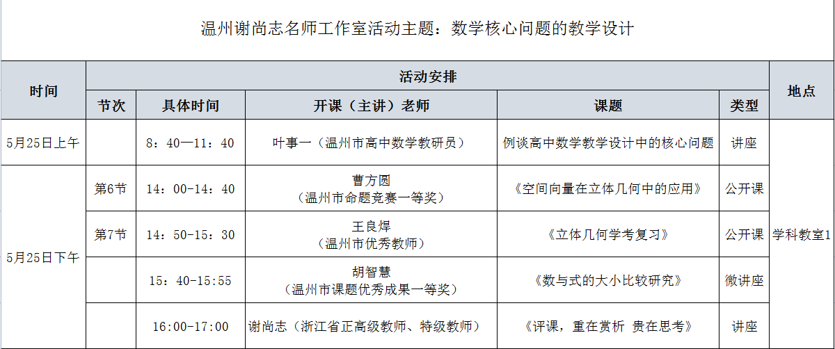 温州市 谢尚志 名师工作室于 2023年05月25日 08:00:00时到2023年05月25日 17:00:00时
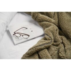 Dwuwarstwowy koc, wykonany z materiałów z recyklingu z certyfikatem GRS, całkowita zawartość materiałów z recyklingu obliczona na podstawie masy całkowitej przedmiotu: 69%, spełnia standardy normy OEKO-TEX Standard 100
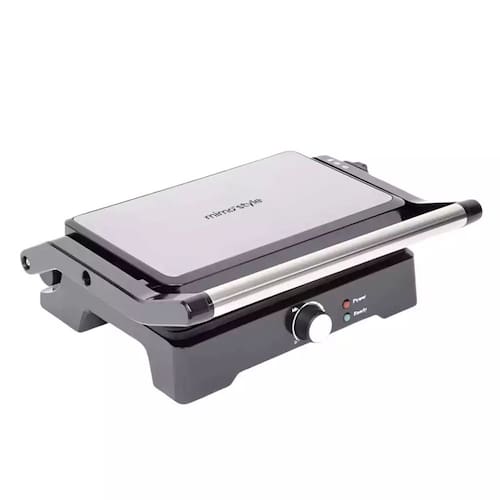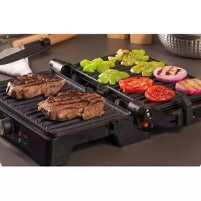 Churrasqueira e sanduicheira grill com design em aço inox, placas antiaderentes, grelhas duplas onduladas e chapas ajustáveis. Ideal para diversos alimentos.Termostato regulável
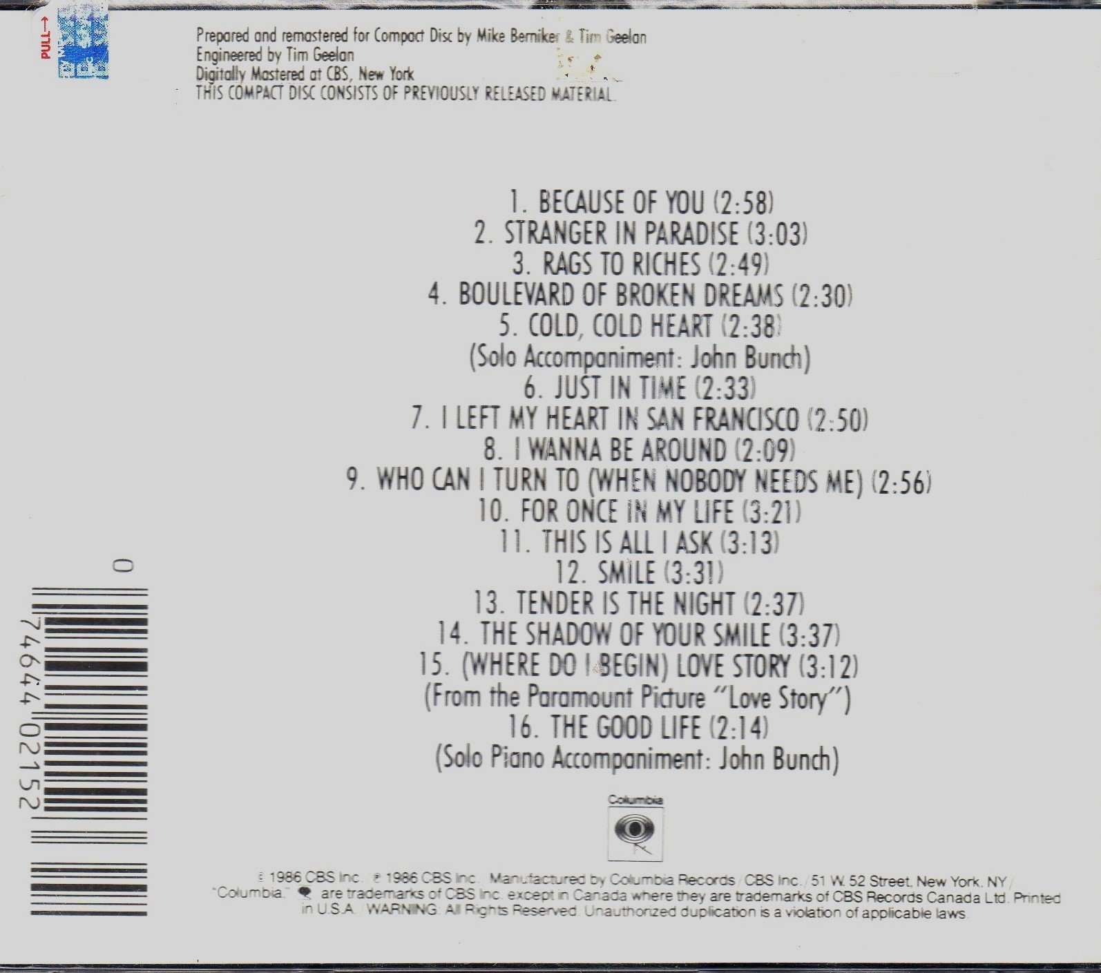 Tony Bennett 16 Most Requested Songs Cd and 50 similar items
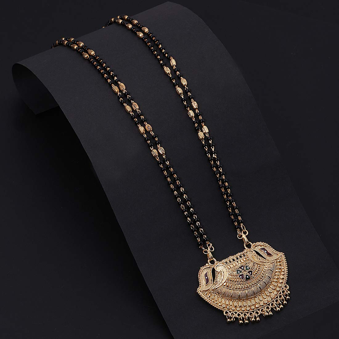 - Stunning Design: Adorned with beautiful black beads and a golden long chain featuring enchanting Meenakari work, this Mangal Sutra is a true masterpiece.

______________________________

What is expected
What is needed is an exact repetition of every entry, without the pictures.

Task solution
 温州市 谢尚志 名师工作室于 2023年05月25日 08:00:00时到2023年05月25日 17:00:00时
 Dwuwarstwowy koc, wykonany z materiałów z recyklingu z certyfikatem GRS, całkowita zawartość materiałów z recyklingu obliczona na podstawie masy całkowitej przedmiotu: 69%, spełnia standardy normy OEKO-TEX Standard 100
 Churrasqueira e sanduicheira grill com design em aço inox, placas antiaderentes, grelhas duplas onduladas e chapas ajustáveis. Ideal para diversos alimentos.Termostato regulável
 Tony Bennett 16 Most Requested Songs Cd and 50 similar items
 - Stunning Design: Adorned with beautiful black beads and a golden long chain featuring enchanting Meenakari work, this Mangal Sutra is a true masterpiece.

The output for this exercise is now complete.